Elevators - unity animations vs Vector3.Lerp/Slerp

I recently created a game in which the player can step on a pressure plate to raise a platform and step off to lower it. The idea is to lure an enemy onto the platform and step onto the plate so that you can send it off to another floor.

I already have been using switches to implement door opening mechanics and that worked nicely. The doors open using a vector3.Lerp to update their positions over time. I thought this would also work for the elevator but much to my dismay found that the elevator did not actually pick up the enemy! It simply passed straight through the enemy, leaving it on the same floor as the player.

After googling ways to make elevators in Unity i came across a posting on unity answers that said to use Unity’s keyframe animation tool instead. I did this and much to my astonishment it works! The elevator now scoops up the enemy like I envisioned.

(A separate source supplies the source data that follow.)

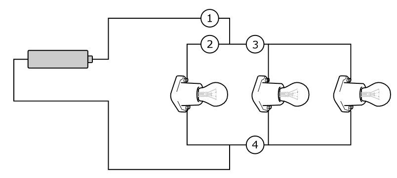 Cutting the wire at which numbered position would allow two bulbs to remain on?
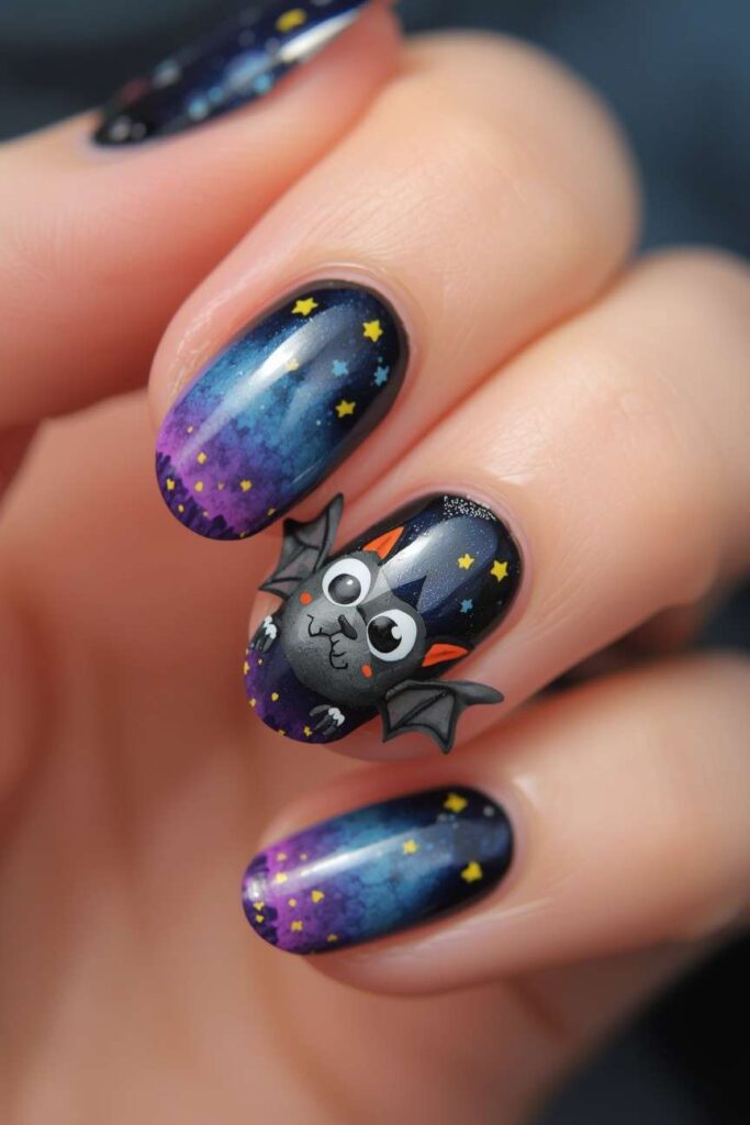 Draw one small bat on an accent nail. Keep all other nails neutral. The tiny bat is playful yet subtle, giving a hint of Halloween fun while maintaining elegance. Ideal for office or casual wear.
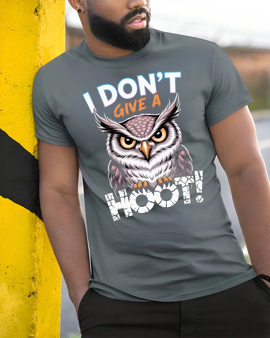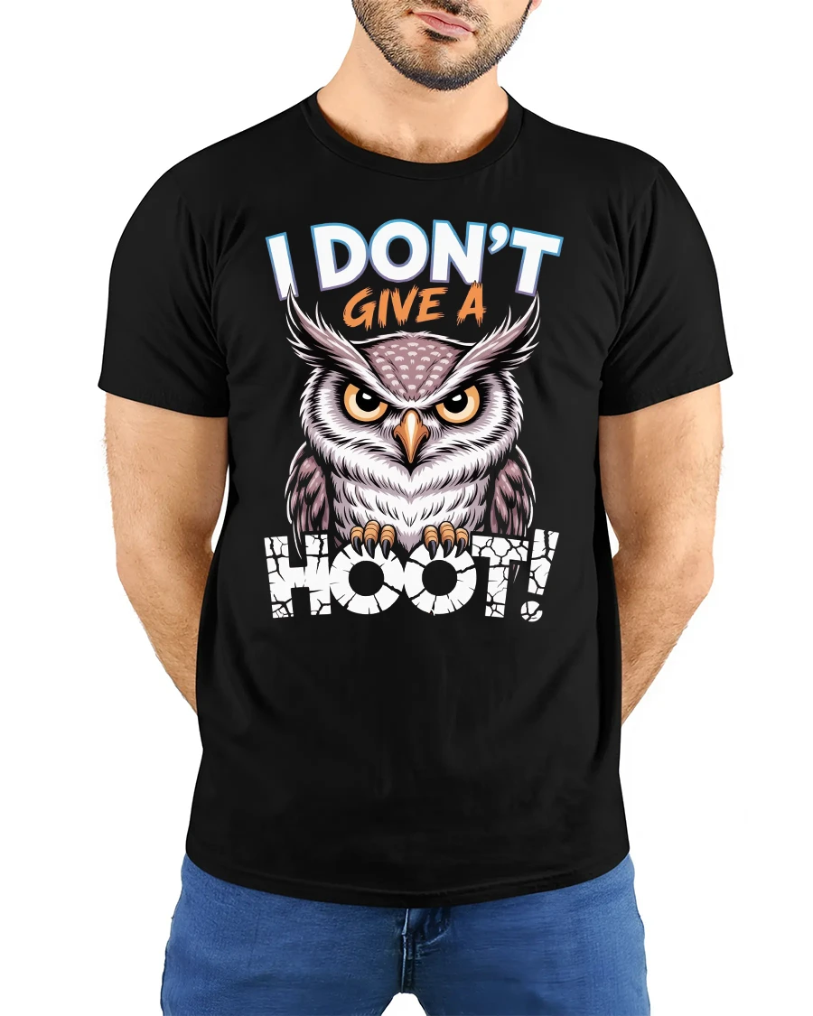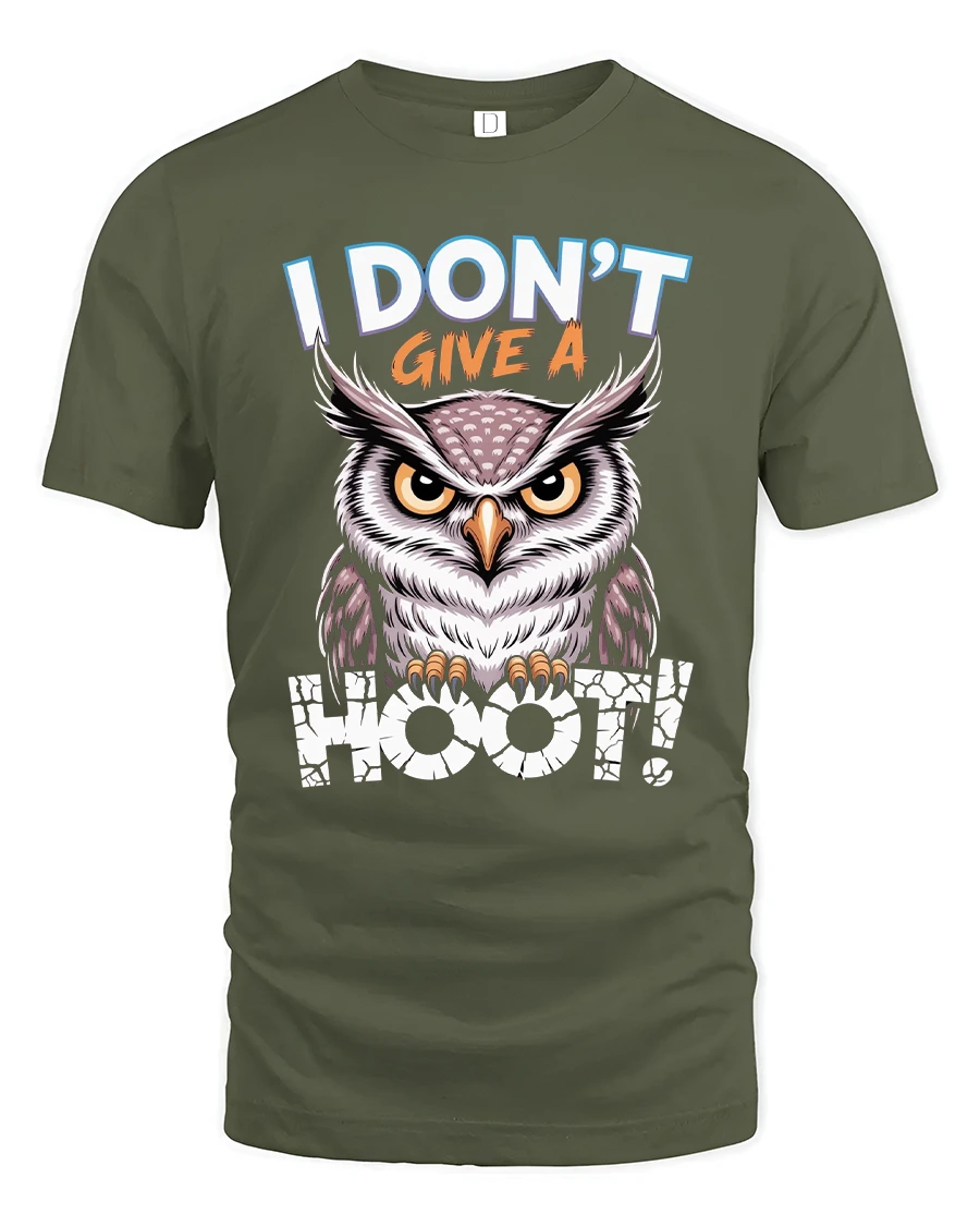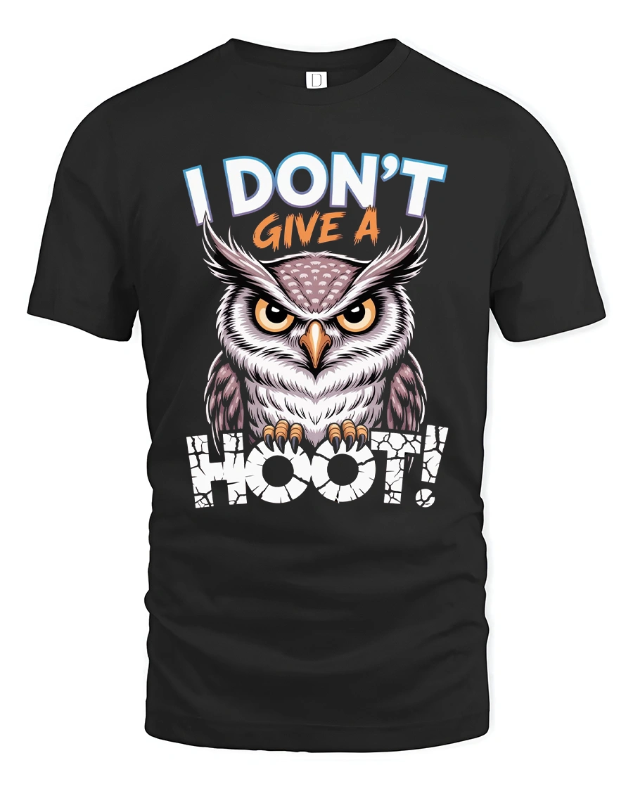 The artwork features a fierce wide eyed owl paired with the confident phrase I dont give a hoot creating a funny and relatable statement.

So my question is “why does unity animation succeed in scooping up the enemy while lerping position fails? What makes an animation so different?”

Are you using Character Controllers?
They have support for moving platforms.

No, both the player amd the enemy are rigidbody + boxcollider style characters.

Why not use Character Controllers?

Fair enough question. Because i forgot they exist, and it was for a 48 hour competition. I went with what I know.

But that doesn’t answer the questions I have about what is so different about animations vs lerping positions. I am really curious about this as it would impact the ability to use elevators to move nonplayer objects as well, wouldn’t it?

Maybe have it apply a very small force to colliding rigidbodies to boost them up while its in motion.

Or if they are “on” it calculate the difference in heights, and lock the rigidbody’s y to that of the platform + difference

Well thats’ the thing, these kinds of one-off solutions are what i hope to avoid in the future which is why I hope to understand why things are as they are before trying to work around them any further. If I understand “how unity is thinking” as such I can know the best way to anticipate these kinds of issues as well as other related ones.

So, what is Unity thinking? I still would like to know.

i is because when you use the animation system if you have the “animate physics” variable enabled it will handle collisions, kinematic rigidboies etc. if you use the Transform class to move objects you are ignoring unity’s collision system, you would have to implement your own collision system, which was explained by Warrior1424, if you used the Transform class

I see that response now, thanks Kieran. Warrior1424’s second post hadn’t appeared by the time I was composing my reply. Thanks for the details!